▸ Work item: Once the pictures are set aside, retype the remaining entries exactly.

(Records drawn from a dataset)
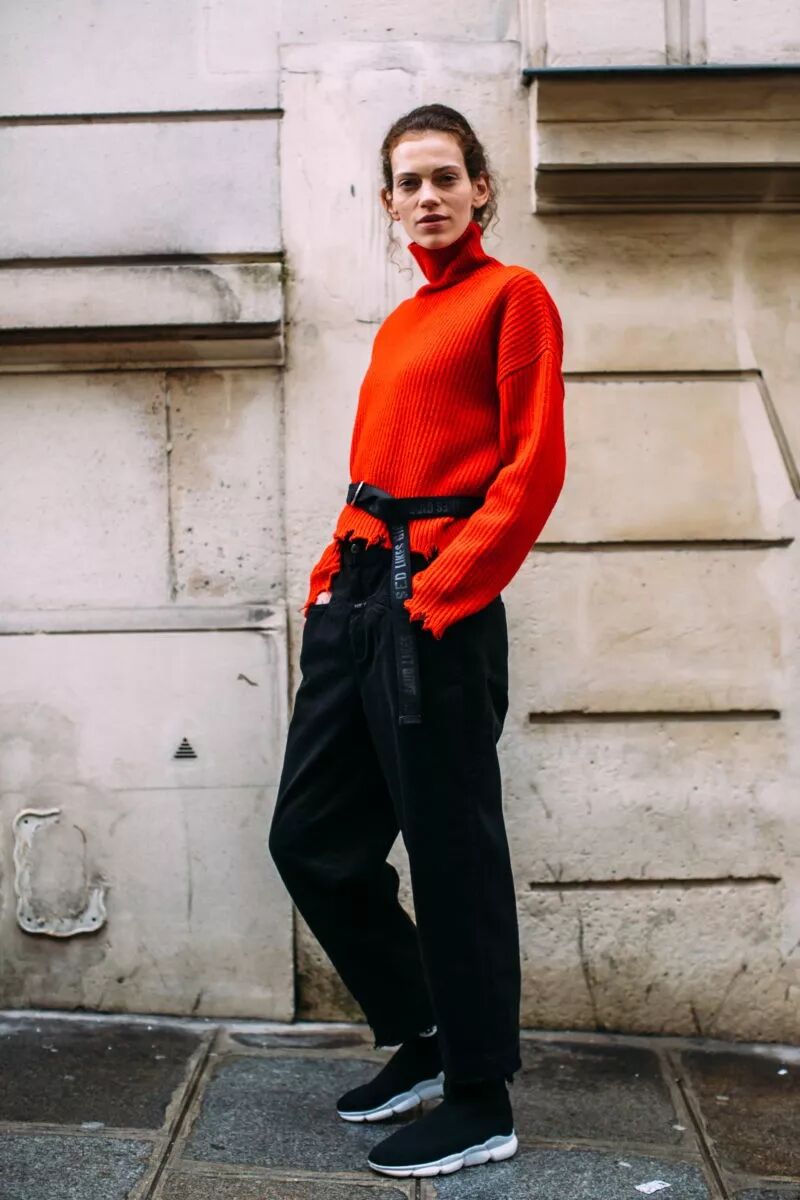 鮮艷的焦橘色毛衣熱情似火,搭配基本款的黑色闊腿褲就足夠了!
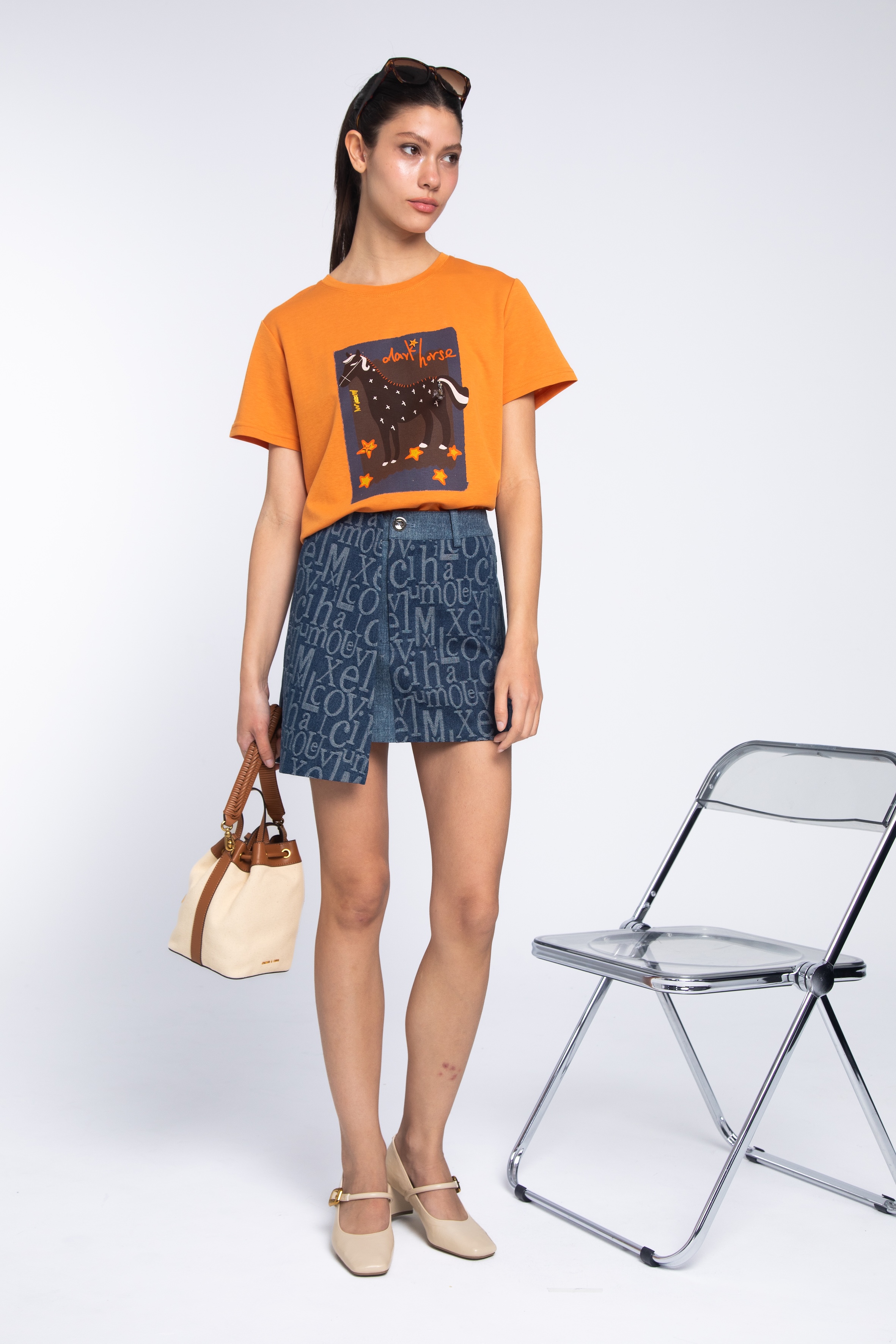 這款休閒印花上衣選用了極度顯白且充滿陽光氣息的活力亮橘色為基底。設計師透過胸前帶有手繪感與復古濾鏡的印花圖騰,讓這件基礎的 T 恤瞬間跳脫平凡,展現出俏皮、率性且充滿活力的美式街頭氛圍。
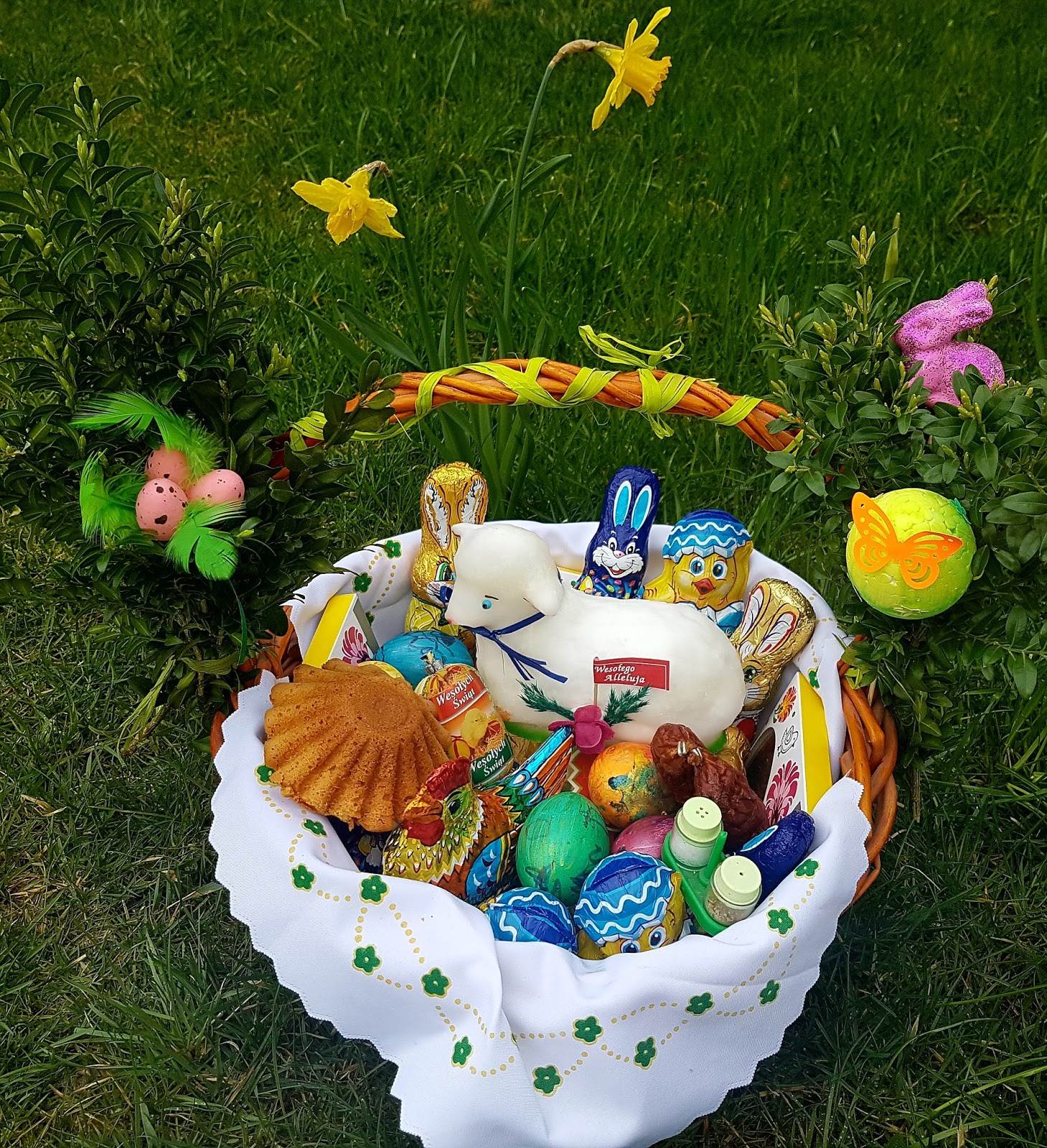 Mamy jeden olbrzymi koszyk i tam wkładamy wszystkie nasze stworki. Oczywiście najważniejszy jest baranek (zwykle jest więcej niż jeden;), więc ten najokzalszy stoi na środku, a reszta jest ukryta między jajkami czekoladowymi), pieczywo, wedlinka, pieprz i sól i pisanki. No 4 zające czekoladowe (w tym jeden bardzo duży dla taty), 3 kurczaki, 3 kurki, 3 opakowania małych czekoladowych jajek i 2 cukrowe zwierzątka dla mnie (sentyment z dzieciństwa) i marcepan (też mój;)).. Także podenieść nasz koszyk ciężko i tata go nosi! Zawartość jest potem zjadana zwykle do końca maja w nasze dni słodyczowe:). Koszyk przystrajamy bukszpanem z naszego ogrodu, kwiatami i wybranymi przez dzieci ozdobami – jak na zdjęciu głównym do tego posta:).
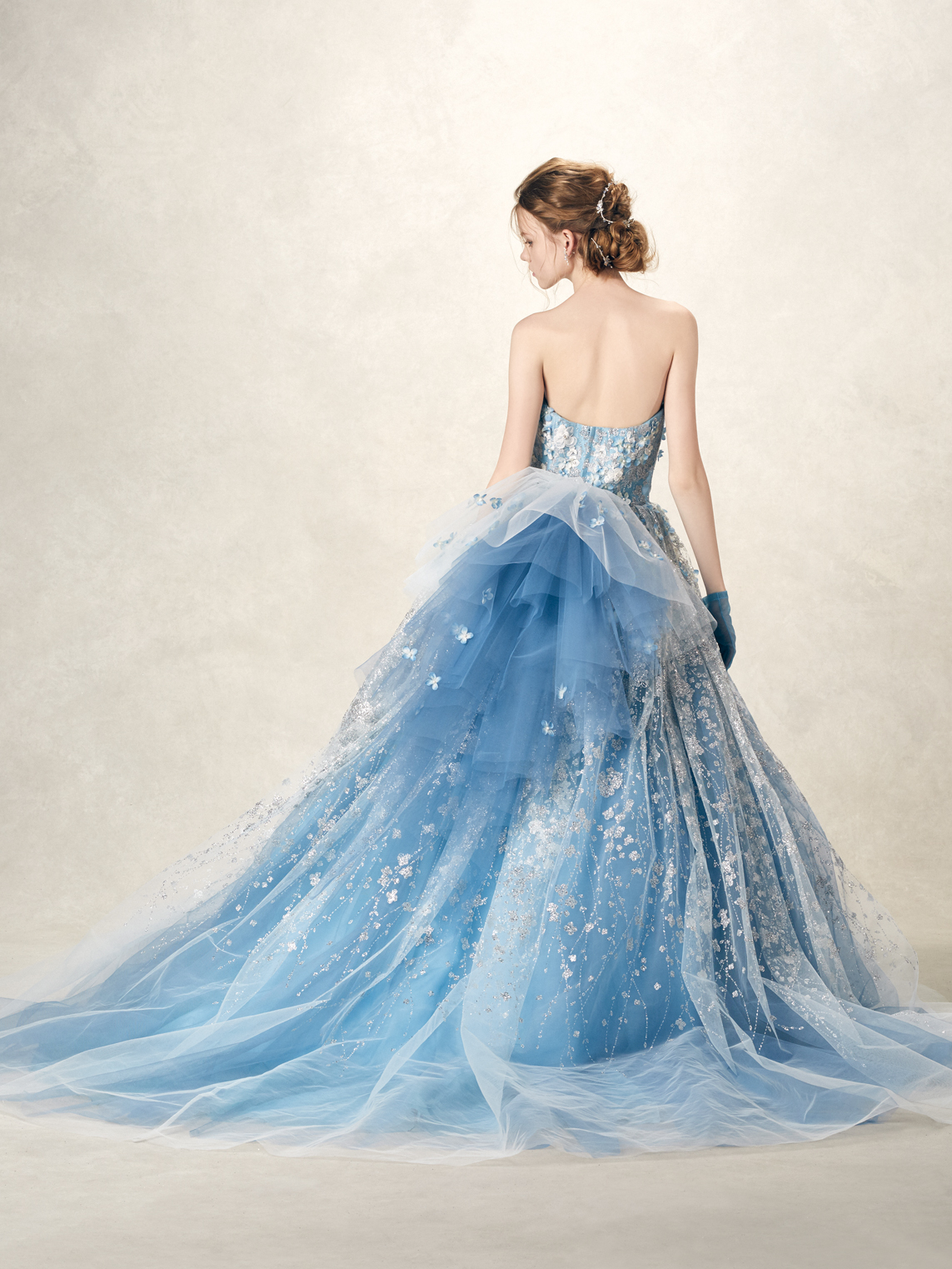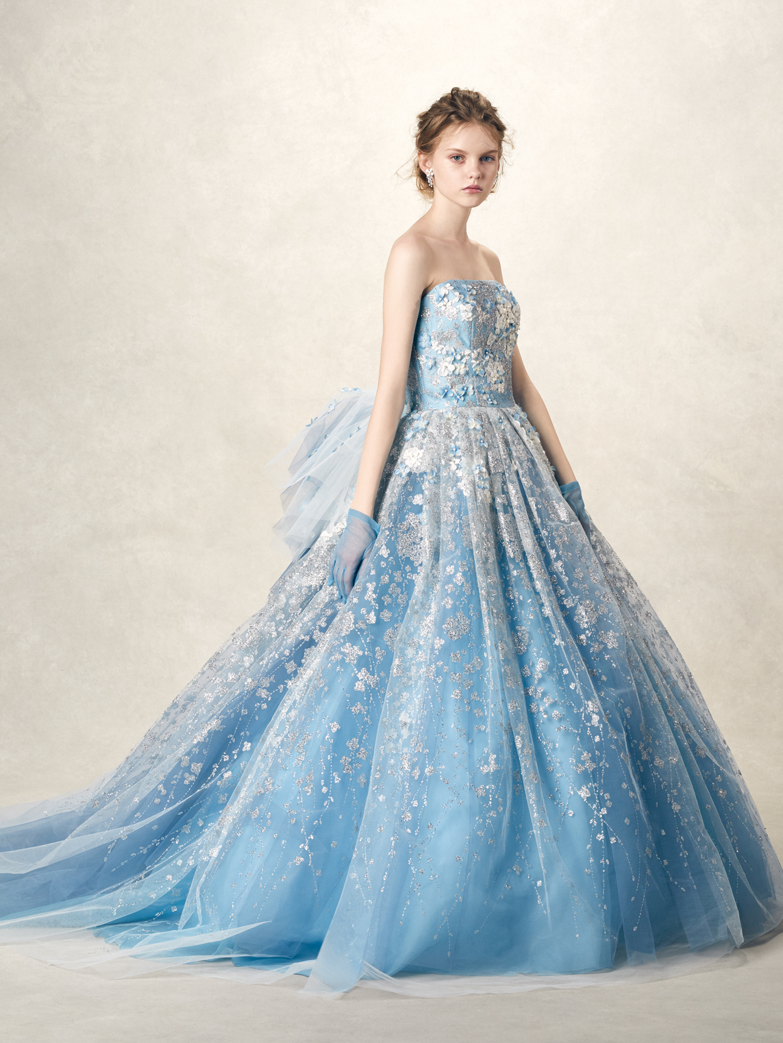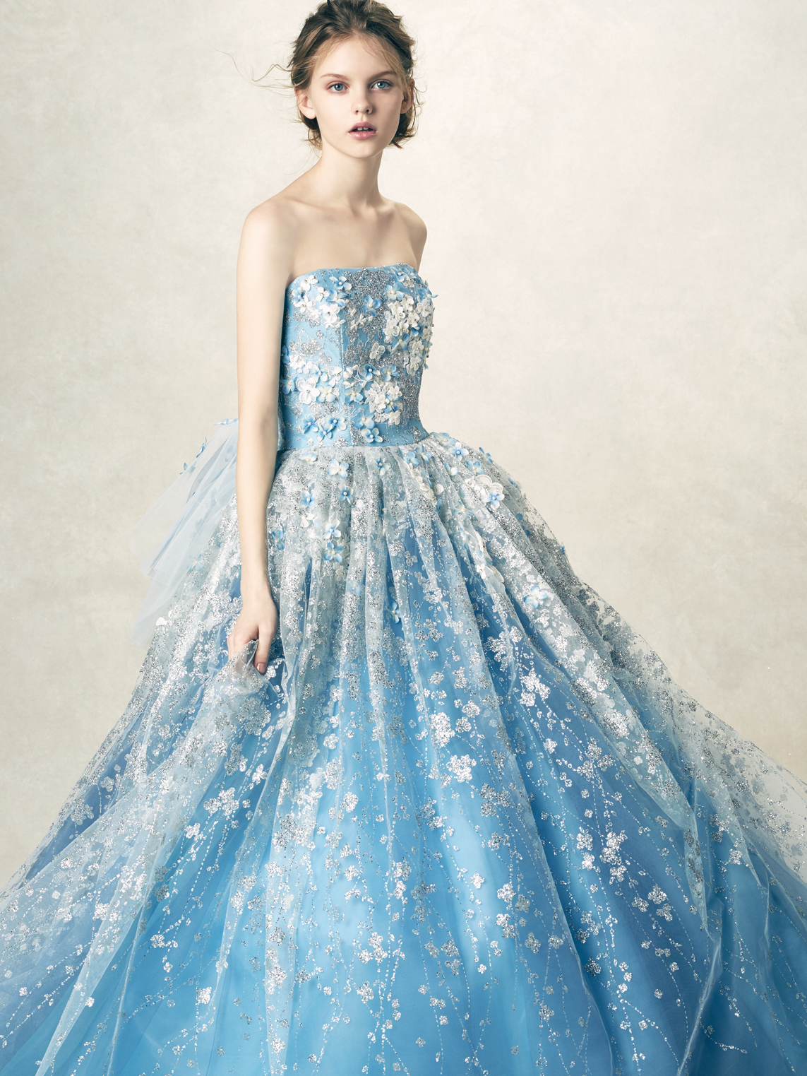 華やかな大人パステルで彩る極上スイート 立体感あるスピングル加工のフランス製あじさいモチーフを、あじさい柄のグリッターにのせた華やかな一着。可憐に舞う3Dフラワーにも注目して。
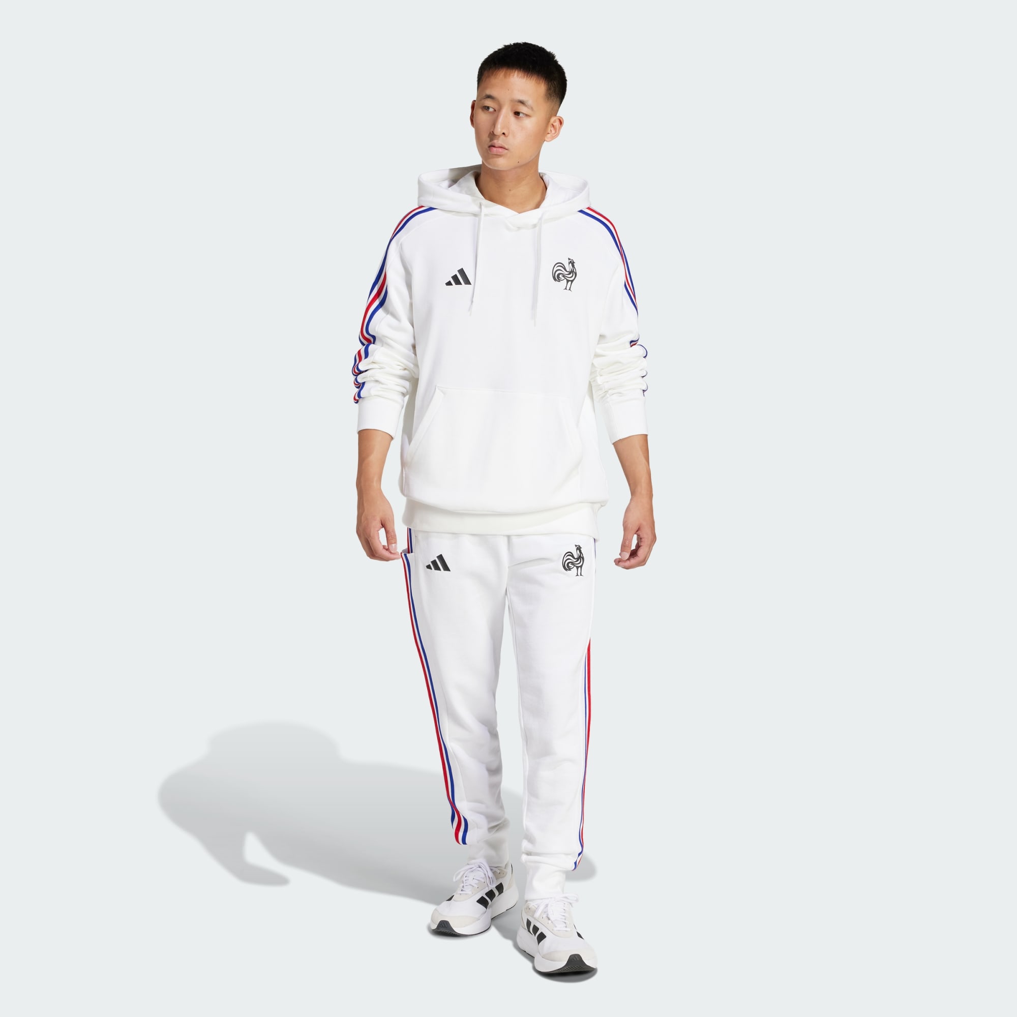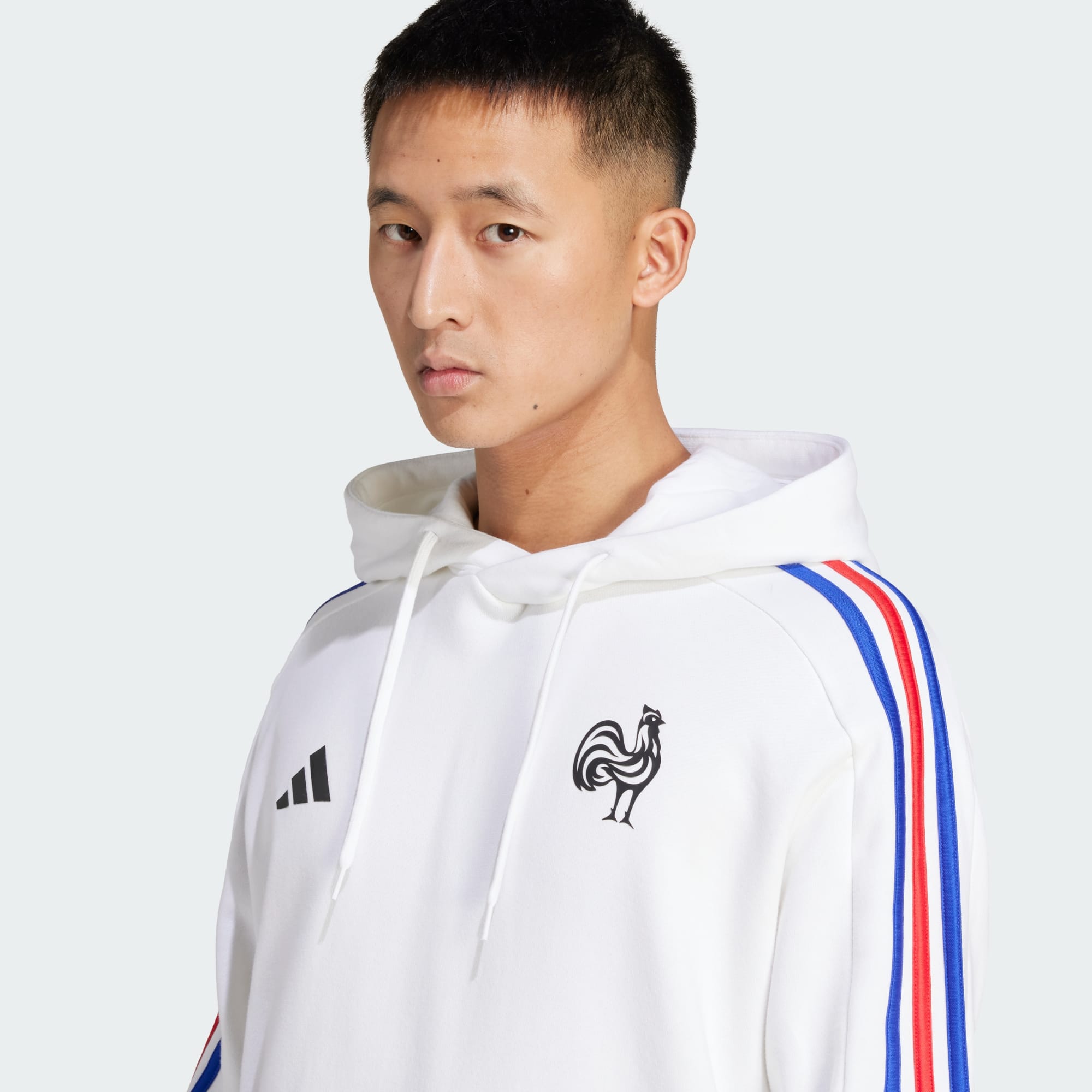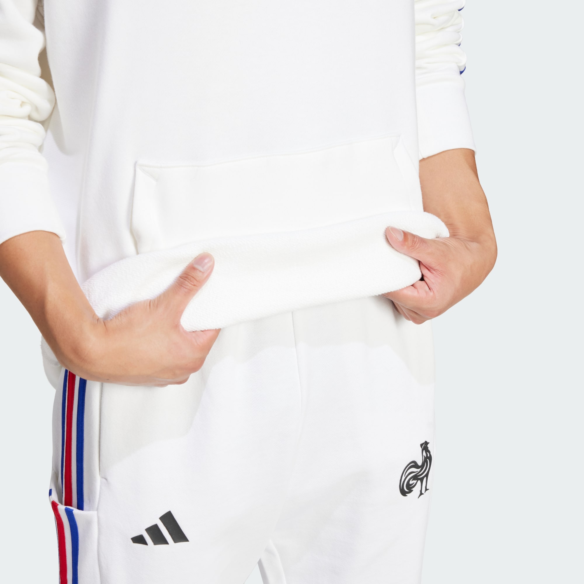 Mostra a tutti la tua passione per il rugby. Con le 3 strisce tricolore lungo le maniche e lo stemma della squadra sul petto, questa felpa con cappuccio adidas della Francia indica senza dubbi per chi fai il tifo. La struttura in morbida spugna e i dettagli a coste la rendono perfetta da indossare sopra la maglia del team nelle mattine più fresche.

▸ Result of the exercise:
 鮮艷的焦橘色毛衣熱情似火,搭配基本款的黑色闊腿褲就足夠了!
 這款休閒印花上衣選用了極度顯白且充滿陽光氣息的活力亮橘色為基底。設計師透過胸前帶有手繪感與復古濾鏡的印花圖騰,讓這件基礎的 T 恤瞬間跳脫平凡,展現出俏皮、率性且充滿活力的美式街頭氛圍。
 Mamy jeden olbrzymi koszyk i tam wkładamy wszystkie nasze stworki. Oczywiście najważniejszy jest baranek (zwykle jest więcej niż jeden;), więc ten najokzalszy stoi na środku, a reszta jest ukryta między jajkami czekoladowymi), pieczywo, wedlinka, pieprz i sól i pisanki. No 4 zające czekoladowe (w tym jeden bardzo duży dla taty), 3 kurczaki, 3 kurki, 3 opakowania małych czekoladowych jajek i 2 cukrowe zwierzątka dla mnie (sentyment z dzieciństwa) i marcepan (też mój;)).. Także podenieść nasz koszyk ciężko i tata go nosi! Zawartość jest potem zjadana zwykle do końca maja w nasze dni słodyczowe:). Koszyk przystrajamy bukszpanem z naszego ogrodu, kwiatami i wybranymi przez dzieci ozdobami – jak na zdjęciu głównym do tego posta:).
 華やかな大人パステルで彩る極上スイート 立体感あるスピングル加工のフランス製あじさいモチーフを、あじさい柄のグリッターにのせた華やかな一着。可憐に舞う3Dフラワーにも注目して。
 Mostra a tutti la tua passione per il rugby. Con le 3 strisce tricolore lungo le maniche e lo stemma della squadra sul petto, questa felpa con cappuccio adidas della Francia indica senza dubbi per chi fai il tifo. La struttura in morbida spugna e i dettagli a coste la rendono perfetta da indossare sopra la maglia del team nelle mattine più fresche.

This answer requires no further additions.